Like me and many of my contemporaries, Robinson loved to use clematis to knit the garden together. Hardly a chapter of The Wild Garden goes by without their mention. This may explain why I fought my way through the convolutions and contortions so many years ago.

Timber Press could not have chosen better than to invite Rick Darke to prepare new readers for Robinson’s style and to paraphrase Robinson’s message in the modern vernacular. If Darke, with his lyrical words and translucent photography, can soften the heart of a monocot-phobic chauvinist like me—in his book, The Encyclopedia of Grasses for Livable Landscapes (Timber Press 2007)—imagine what he can do to introduce new generations to the wonders of Robinson’s plant ethos.

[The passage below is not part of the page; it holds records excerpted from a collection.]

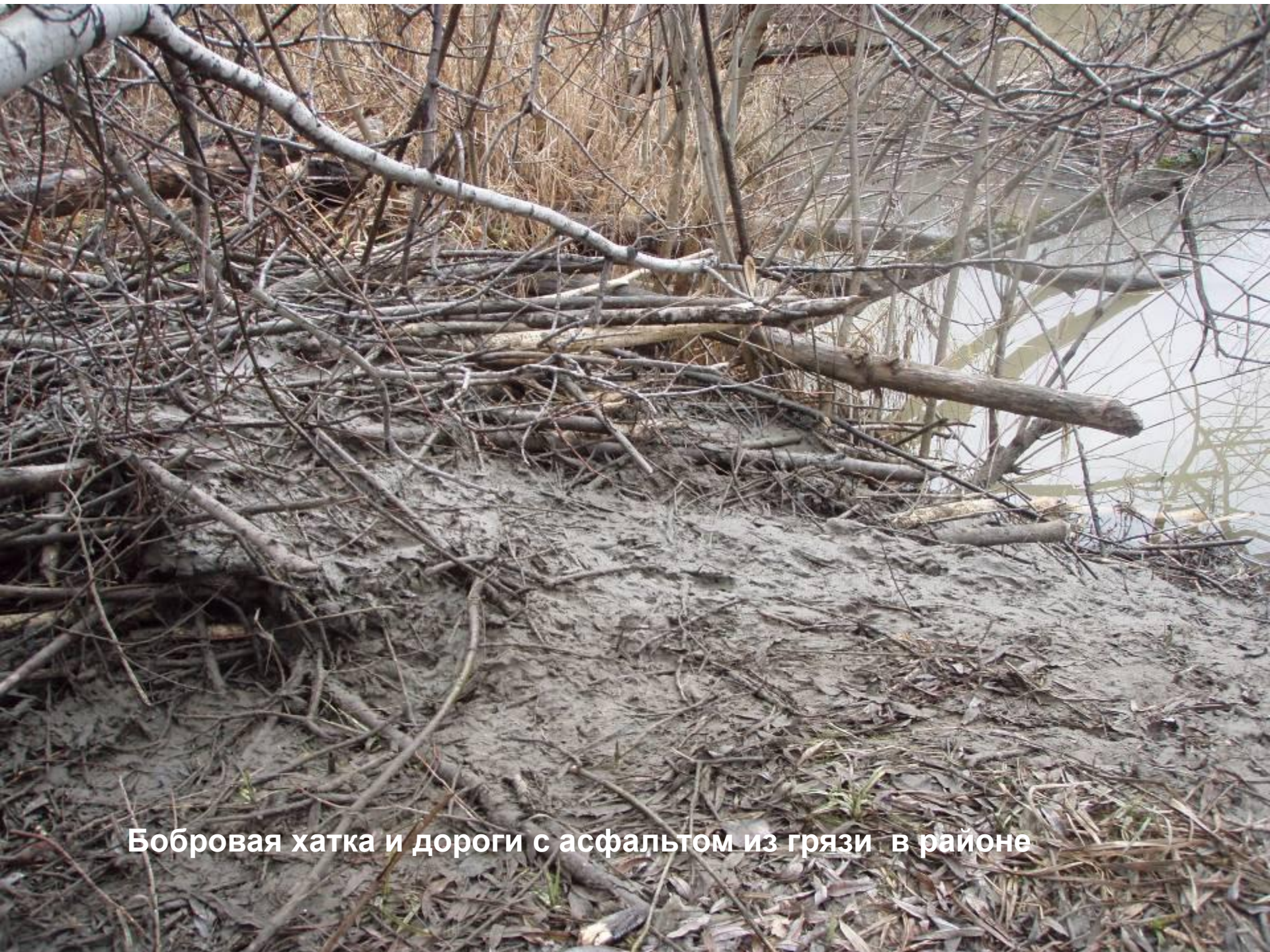
Бобровая хатка и дороги с асфальтом из грязи в районе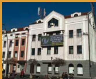
LED DISPLAY NA ZGRADI KOMORE - NOVA USLUGA ČLANICAMA I FIRMAMA U TK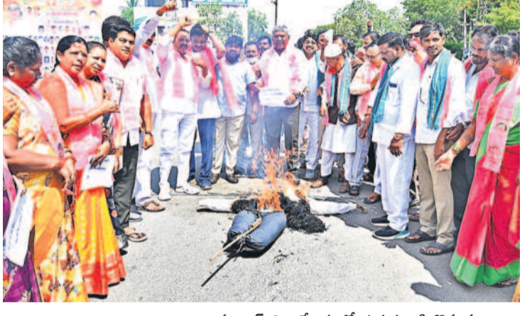
కాంగ్రెస్ పై కన్నెర్ర.. నిజామాబాద్ జిల్లా కేంద్రంలో ప్రభుత్వ దిష్టిబొమ్మను దహనం చేస్తున్న బీఆర్‌ఎస్ నాయకులు

When today’s twenty-somethings are ready to expand from vegetables to ornamentals, they will find Darke has updated this masterwork for them. The Wild Garden is not about returning gardens to wilderness, which is impossible, anyway, for most of us; it is about allowing a casual, naturalistic, easy-to-preserve sensibility be our guide for planting decisions. Ornamental gardening is, and always has been, about putting the simplest plant combinations together in our garden’s microclimates for maximum effect. It has been repeated many times since 1895: put the right plant in the right place.

In his new opening chapters, Darke introduces us to Robinson’s themes, pointing out that they lead us to embrace a studied sustainability, still espoused by modern gardeners, that was iconoclastic and highly influential during Robinson’s life. Darke’s photography brings us Robinson’s Gravetye Manor as it exists today-still a private garden. The manor house is now a hotel and the grounds are completely accessible only for guests. The original editions of The Wild Garden were illustrated with charming, but not particularly edifying, drawings in pen and ink by Alfred Parsons. Darke’s new photographs enhance the original text just as faithfully. The garden remains vibrant and true to its creator’s intentions, a tremendous testament to the timeless resonance of the Robinson message.

While there may be nothing new under the sun, the compulsion to create gardens never wanes. Thanks to Rick Darke and Timber Press, the original clarion call of The Wild Garden stands ready to be heard again, enlightening a new generation of gardeners as they approach sustainable ornamental gardening.